No. She had slipped away from me. Slipped away like the wind. All that love. The hope she brought to my life, gone now, without even a passing nod.

Yet Sabrina was not just a boat, not to me, anyway. She was my home, and in an odd way, she was my life. I took care of her, and in her way she took care of me. What had we just done together? Crossed one of the most foul, storm-tossed bodies of water -- under the most horrid conditions imaginable? Then it hit me like a body-blow: Ron and the Amigos? Gone?

Dead? Dead and gone? All of them -- gone? Just like that? The Storm? The MIGs? What had claimed those poor souls? Was someone looking for survivors?

And then, softly at first, I could hear the wind. The sound was distant and hollow at first, but sounds of the sea and my little ship were returning to consciousness, but I struggled to contain the random stream of anguished thoughts that came to me as I steered.

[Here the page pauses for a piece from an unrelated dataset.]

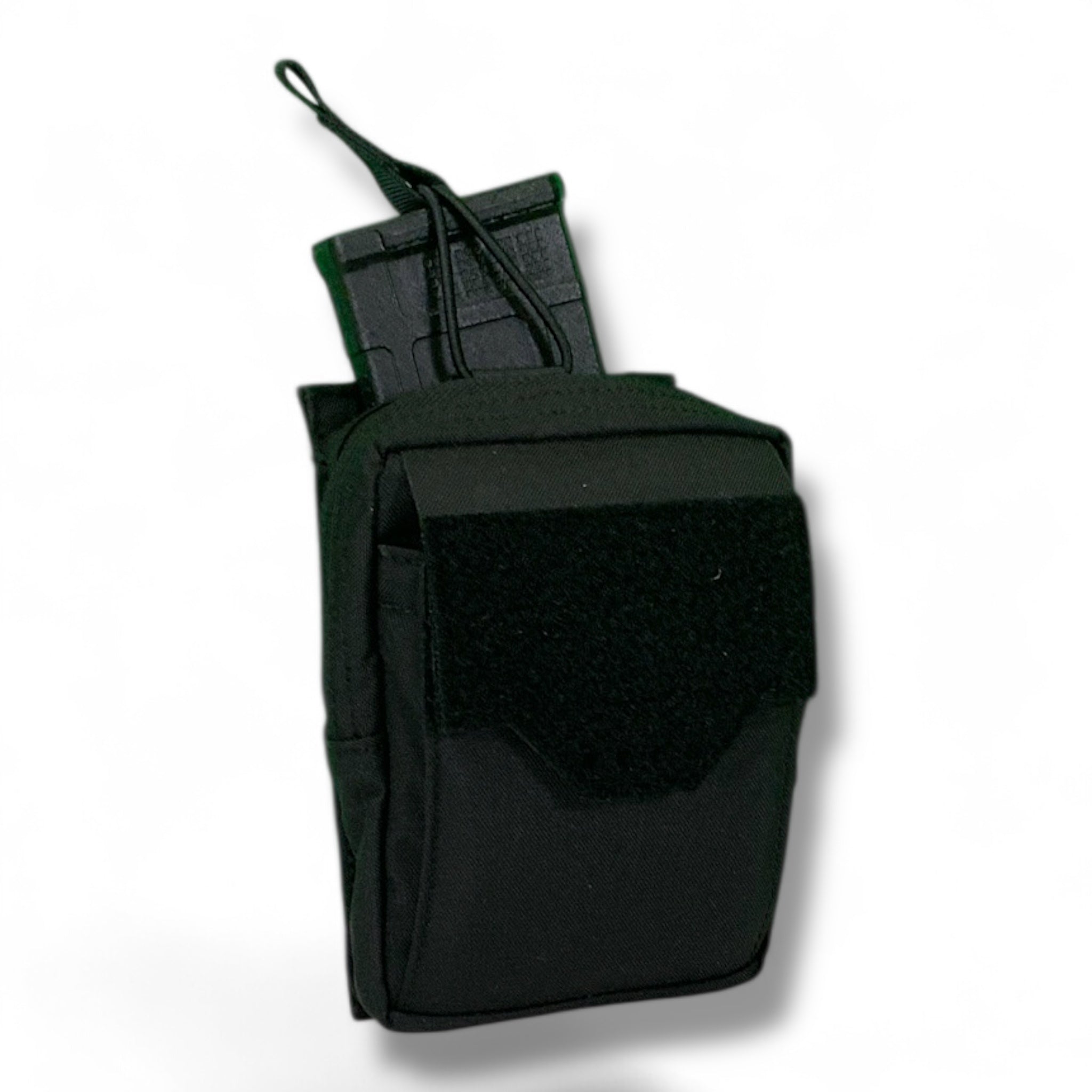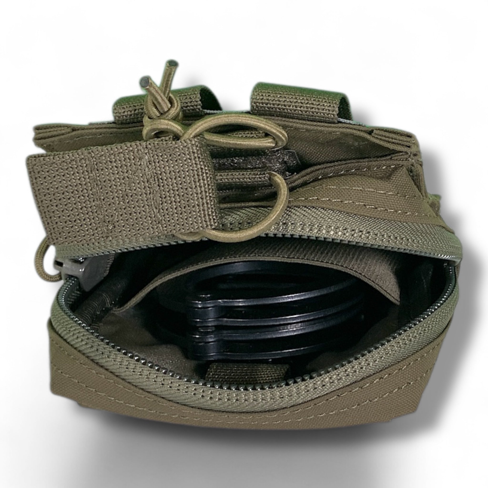 The Patrolman pouch is designed for today’s law enforcement professionals and tactical nylon users. Its slim profile fits securely on any PALS/MOLLE system with a 4x3 footprint. The front compartment includes two internal sections—one sized for small notebooks or gloves, and another for linked standard handcuffs—angled to reduce bulk and allow easy access when worn low on the belt. Exterior loop velcro accommodates ID patches, while a heavy-duty #10 YKK silent zipper ensures quiet, reliable opening and closing in low-light environments. Inside, there’s an additional handcuff pocket, a sewn-in HK-style clip for keys or similar items, plus a flat pouch for administrative gear. The top features a four-inch slot with a bungee cord to secure a modern phone or spare long rifle magazine. .

Hours later and I could make out the mass of Key West ahead on the radar, and I adjusted my heading to keep far to the west. The wind remained constant now, though in the mid-forties, and I could make out the looming gray horizon under walls of scudding cloud. Sabrina was like a horse headed for the barn now; hungry, thirsty, and wanting very badly to be done with this ride. I reached down and rubbed her teak coaming, thanked her for the sheltering grasp she kept on her passengers throughout our wild, malicious night.